新コンテンツの1つ目は、課題を進めて志望校を見つける「Myミッション」だ。おもに高1・2生を対象とし、「何を学びたいか」「どんな大学があるのか」「入試の仕組みはどうなのか」といった志望校選択のプロセスを、ミッション形式で順を追って進められる。各ミッションには課題が設定され、クリア状況を一覧で確認できる。課題の達成に応じてバッジが付与される仕組みを設け、取組みの見える化を図る。マイページには、Myミッションを通じた検討の足跡が記録され、「どうしてこの大学を選んだのか」というプロセス全体を振り返ることができる。記録した内容は、拡大が続く総合型・学校推薦型選抜の志望理由書にも活用できる。
2つ目の「サクッと受験クエスト」は、進路選択から大学受験までの流れを、ロールプレイングゲーム(RPG)形式で学べるブラウザコンテンツ。

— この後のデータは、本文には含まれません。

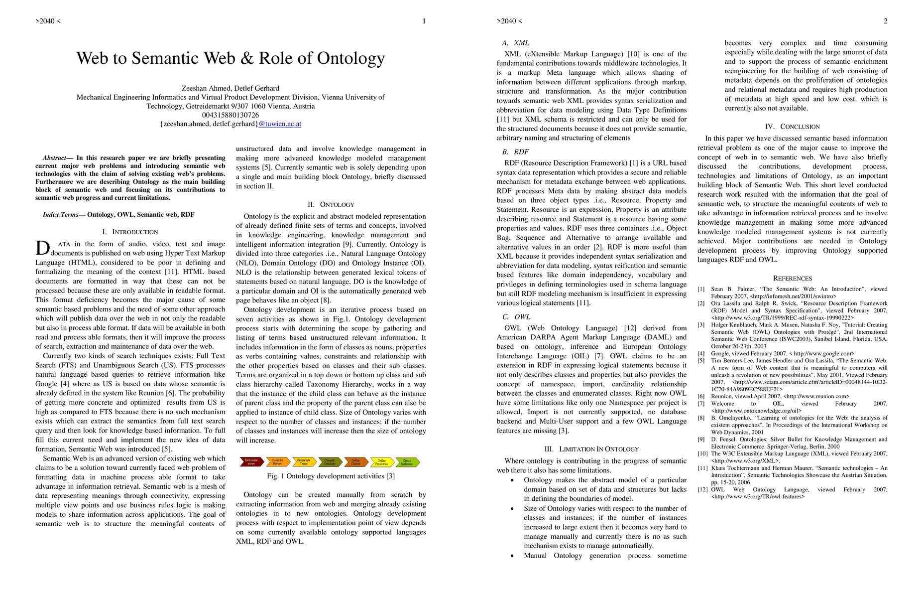 Briefly presented current major web problems and introduced semantic web technologies with a focus on ontology.

志望校選び、模試の受験、出願、合否判定までを1つのストーリーとして体験する設計とし、大学受験までの道のりを短時間で仮想体験できるようになっている。
ゲーム内では、河合塾の学問・大学選び支援サイト「みらいぶっく」に基づく興味・関心診断でキャラクターの適性タイプを決定。その後、Kei-Netの入試科目検索やオープンキャンパス、先輩との交流といった情報収集のプロセスをたどりながら、河合塾の模試や講習で学力を伸ばしていく流れを追体験する。最終的に、選んだ志望校へ出願し、筆記試験と面接に挑む。プレイヤーの行動に応じて結果が変化するマルチエンディング方式を採用し、受験準備の重要性を物語の進行を通じて理解できる内容になっている。

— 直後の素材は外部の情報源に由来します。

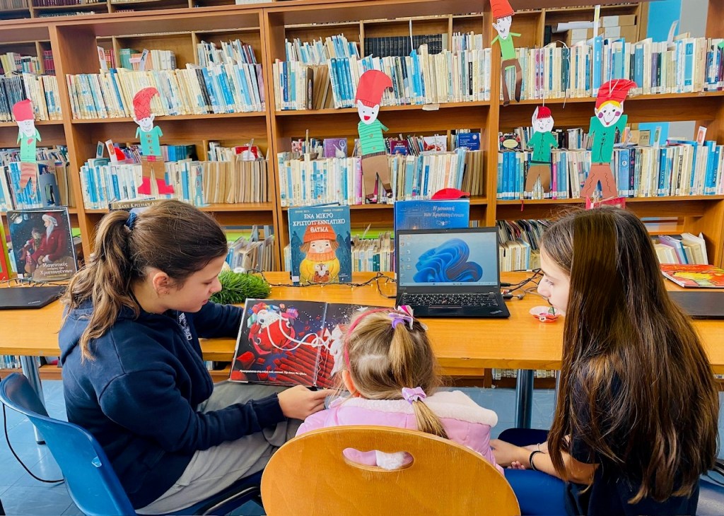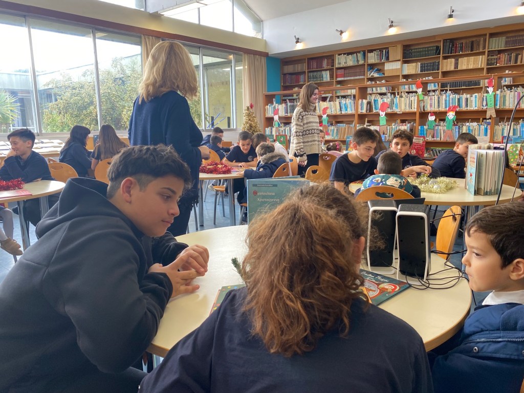 Για τους μαθητές του Νηπιαγωγείου είναι μια σημαντική ευκαιρία ανάπτυξης της φαντασίας και της δημιουργικότητας τους. Τα χριστουγεννιάτικα παραμύθια, γεμάτα φώτα, ξωτικά και ευχάριστες περιπέτειες είναι η τέλεια αφορμή για την Χριστουγεννιάτικη επίσκεψη στην Βιβλιοθήκη του Σχολείου μας. Η ζωντανή ανάγνωση- αφήγηση από τους μεγαλύτερους μαθητές στους μικρότερους, δίνει στο βιβλίο έναν δημιουργικό και ενεργό ρόλο, τα νήπια συνδέουν το βιβλίο με τη διασκέδαση και την ανθρώπινη επαφή! Δημιουργείται με αυτό τον τρόπο μια ευχάριστη ατμόσφαιρα συνεργασίας και αλληλεγγύης εντός της ενιαίας σχολικής κοινότητας των Αρσακείων–Τοσιτσείων Σχολείων Εκάλης ενισχύοντας το αίσθημα της κοινής ομάδας και της συνεργασίας ανάμεσα σε διαφορετικές βαθμίδες εκπαίδευσης.

同コンテンツは受験生の利用に限らず、進路指導を行う教員の補助教材としての活用も想定されている。志望領域の探索から出願までの全体像を、授業や進路面談の導入で示す場面などで、手順の確認や留意点の整理に用いることを視野に入れる。
サイト全体として、志望校選択の初期段階から受験準備の実行段階までを1本の導線でつなげる構成を志向している。
今後は、受験カレンダーの提供やスマートフォン向けアプリの開発を順次進める予定だという。リニューアルにより、受験生のみならず保護者や教育関係者が、必要なときに必要な情報と学習・準備のステップを横断的に参照できる環境の整備を目指すとしている。